Our torah portion this morning – from Nitzavim, chapter 29 of Deuteronomy – reminds us that we stand before God. All of us, from the loftiest chieftains and princes to the lowliest wood-cutter and water-carrier. We stand before God to renew the covenant. We are advised to keep our faith and to love God, so that we will flourish in the land that God promised to our ancestors, Abraham, Isaac and Jacob. We are reminded to keep the mitzvot – God’s commandments – and the laws written in the Torah.
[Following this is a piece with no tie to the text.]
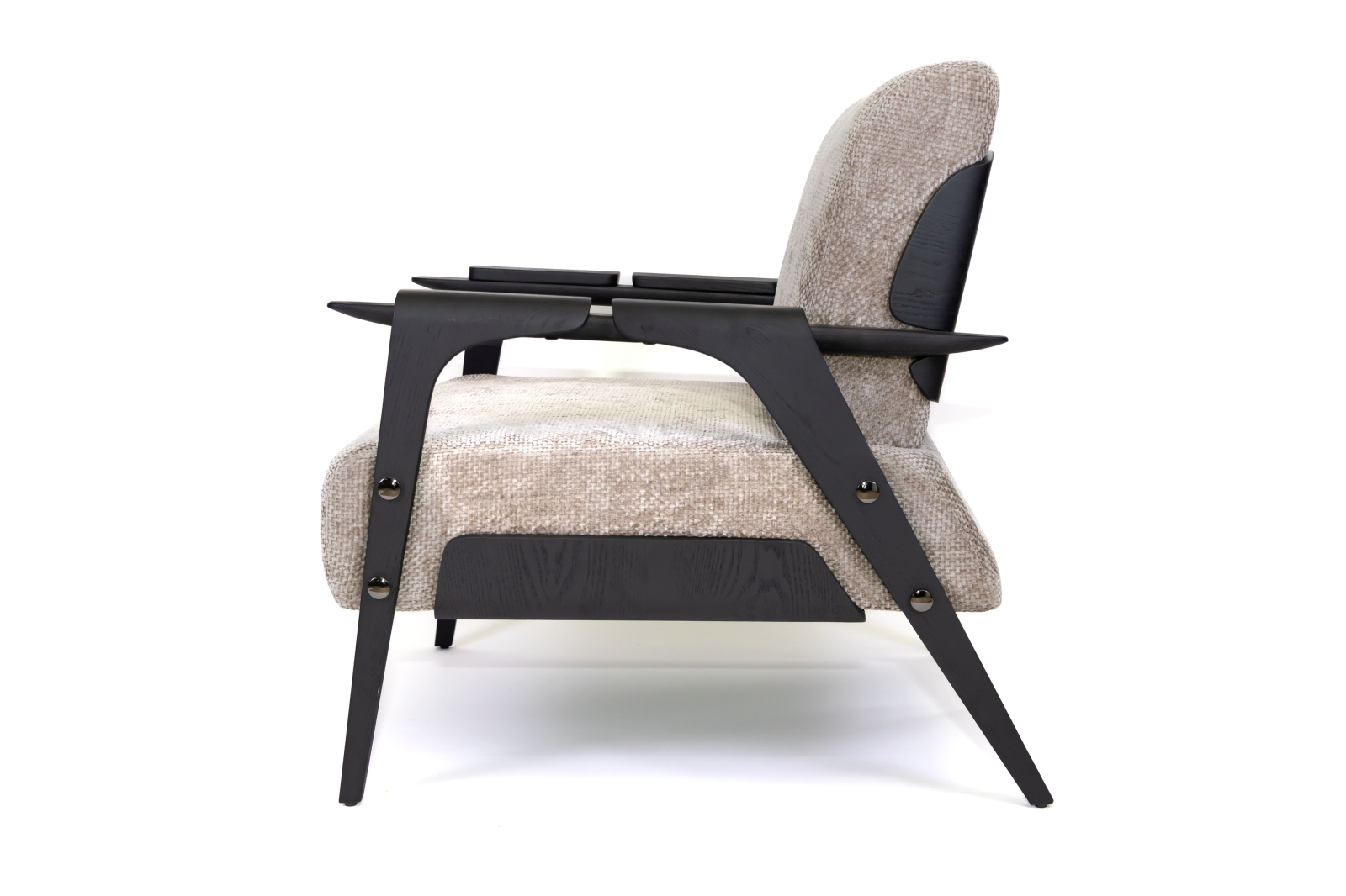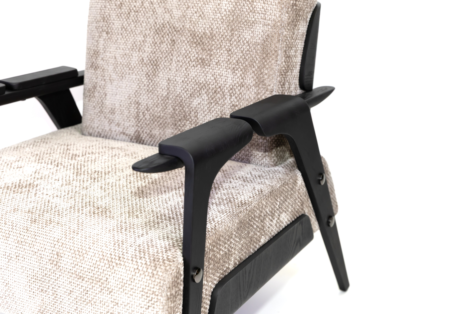 | Acest fotoliu elegant îmbină confortul modern cu rafinamentul designului retro. Structura lor este realizată din lemn masiv, oferind stabilitate și durabilitate, iar tapițeria textilă în nuanțe deschise adaugă un plus de căldură. Brațele din lemn prezintă detalii aurii, completând perfect aspectul contemporan al piesei. Datorită formei ergonomice și pernelor moi, aceste fotolii sunt ideale pentru relaxare și pot fi utilizate in living, birou sau zone de lounge. |

And like this we will return – tashuv - to God – this is our act of teshuva.


Whether we stand in Flushing or Falasteen, Queens or the Krayot, on Yom Kippur we are presented with a choice: life or death, blessing or curse. And on Yom Kippur we are urged to choose life. Our Reform Judaism, our progressive values dictate it also. That we should work for a better world for all of humanity. Not “progressive except for Palestine” but davka that Palestine, that Israel can shine as a light to the nations through its remarkable democracy and progressive values.